What the exercise asks –
Repeat the data that follows in full. Do not include the pictures.
(Dataset extract)
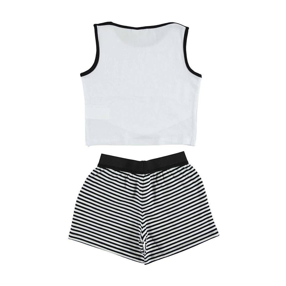 Очень красивая белая майка и полосатые шорты из 100% хлопка необходимый костюм в летнем гардеробе Вашей девушки. Горловина и пройма майки обработаны контрастной бейкой. Шорты с мягким контрастным эластичным поясом, прорезными боковыми карманами, обработаны бейкой.
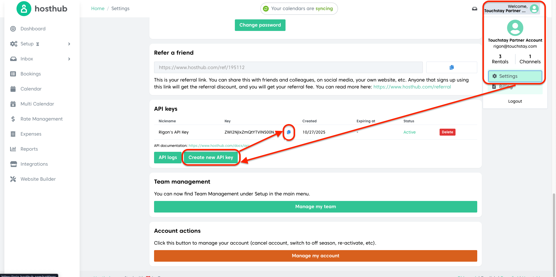 You will need to get your Hosthub API key to get started. Log into your Hosthub account and go to Settings. Follow the steps below to generate your API key:
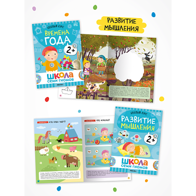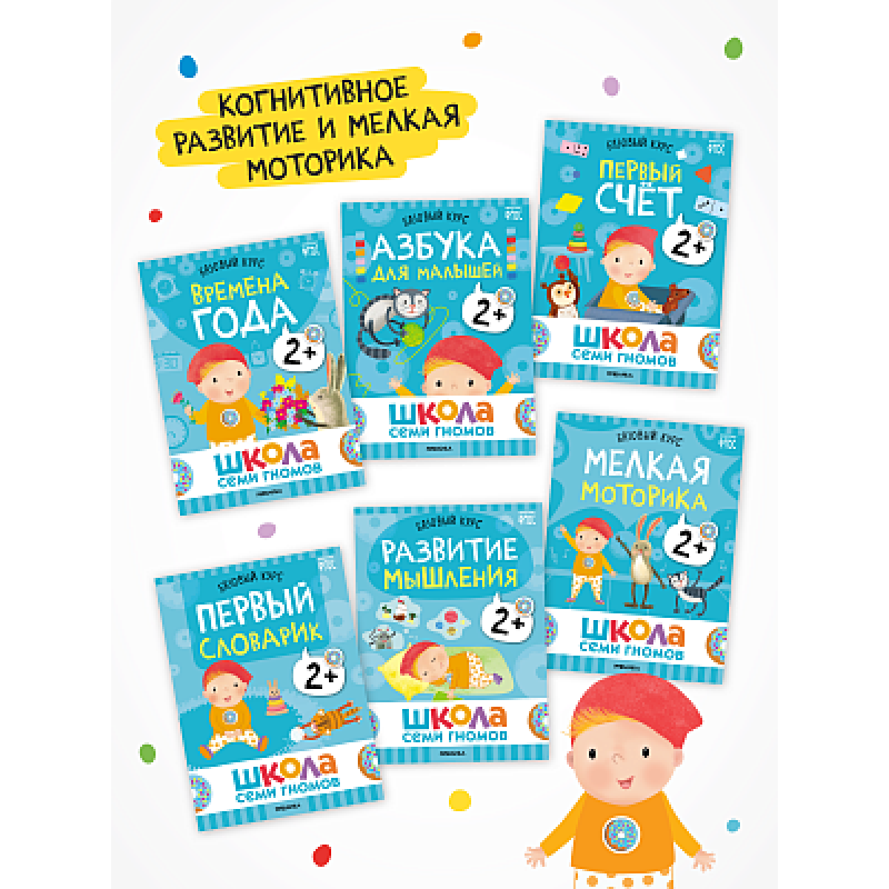 Годовой базовый курс. Комплект 2+ (Школа Семи Гномов. Базовый курс), 12 книг + развивающие материалы Школа Семи Гномов – это система, а не набор книг. Комплекс из 12 книг направлен на всестороннее развитие ребенка. 6 книг для развития когнитивных способностей: познавательный интерес, умение думать, анализировать, делать выводы. И еще 6 книг для на знакомства с окружающим миром, его закономерностями и взаимосвязями.
(End Dataset extract)
Result for this task –
 Очень красивая белая майка и полосатые шорты из 100% хлопка необходимый костюм в летнем гардеробе Вашей девушки. Горловина и пройма майки обработаны контрастной бейкой. Шорты с мягким контрастным эластичным поясом, прорезными боковыми карманами, обработаны бейкой.
 You will need to get your Hosthub API key to get started. Log into your Hosthub account and go to Settings. Follow the steps below to generate your API key:
 Годовой базовый курс. Комплект 2+ (Школа Семи Гномов. Базовый курс), 12 книг + развивающие материалы Школа Семи Гномов – это система, а не набор книг. Комплекс из 12 книг направлен на всестороннее развитие ребенка. 6 книг для развития когнитивных способностей: познавательный интерес, умение думать, анализировать, делать выводы. И еще 6 книг для на знакомства с окружающим миром, его закономерностями и взаимосвязями.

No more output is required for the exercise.